– Czego chcesz, dziewczynko? – zapytał.
Stała nieruchomo, jej wzrok wędrował po pomieszczeniu. Chłopak westchnął.
– Odebrało ci mowę?
Pokiwała głową, a Nightray zrozumiał, jednak nawet nie zrobiło mu się głupio za zadane przez siebie pytanie. Zapewne też była tu nowa i chciała się zaprzyjaźnić. Chłopak westchnął po raz kolejny i wstał, biorąc książkę do ręki. Podszedł do dziewczyny.
– Potowarzyszę ci przez pewien czas, ale nie myśl, że będę robił za twoją niańkę, albo przychodził z pomocą do każdego twojego siniaka, czy zadrapania.
Przyjrzał jej się dokładnie, starając się ją wstępnie ocenić. Zwykła dziewczyna z aparatem na zęby. Ile mogła mieć lat? Szesnaście? Nie mogła sprawiać zagrożenia, co najwyżej kłopoty. Chłopak odłożył książkę na półkę i zwrócił się do dziewczyny:
– Masz jakiś zeszyt? Długopis? Jakoś musimy się porozumiewać.
Chwyciła go za rękaw płaszcza i zaprowadziła do swojego pokoju. Wzięła do ręki plecak i zaczęła w nim grzebać, co trwało tak długo, że zirytowany Nightray wyrwał jej go i spojrzał do środka. Zamarł, widząc panujący w jego wnętrzu chaos.

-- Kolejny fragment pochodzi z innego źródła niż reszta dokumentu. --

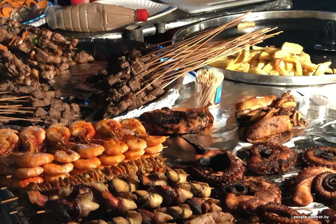 Вечером персонал кафе выносит столики прямо сюда. На месте можно самому с прилавка выбрать свежую рыбу и другие морепродукты, которые тебе тут же приготовят.

– Masz – powiedział, kiedy w końcu znalazł zeszyt i długopis. – Napisz mi coś o sobie, a ja zrobię tu porządek... Czy to gumy do żucia? Przy aparacie na zęby!? Jesteś niepoważna... Konfiskuję.
Nie trwało to długo. Jako ktoś, kto musiał działać szybko, uwinął się z porządkami w parę minut.
– Dobra. Największa przegródka jest wolna na prowiant, na długie wycieczki. Ta mniejsza na zeszyt i długopis, zawsze trzymaj je razem. Tutaj masz miejsce na grzebień, tutaj gumki i spinki, a tam miejsce na inne drobiazgi – odłożył plecak na ziemię i spojrzał na dziewczynę z tym samym beznamiętnym spojrzeniem. – Pokaż, co tam nabazgrałaś.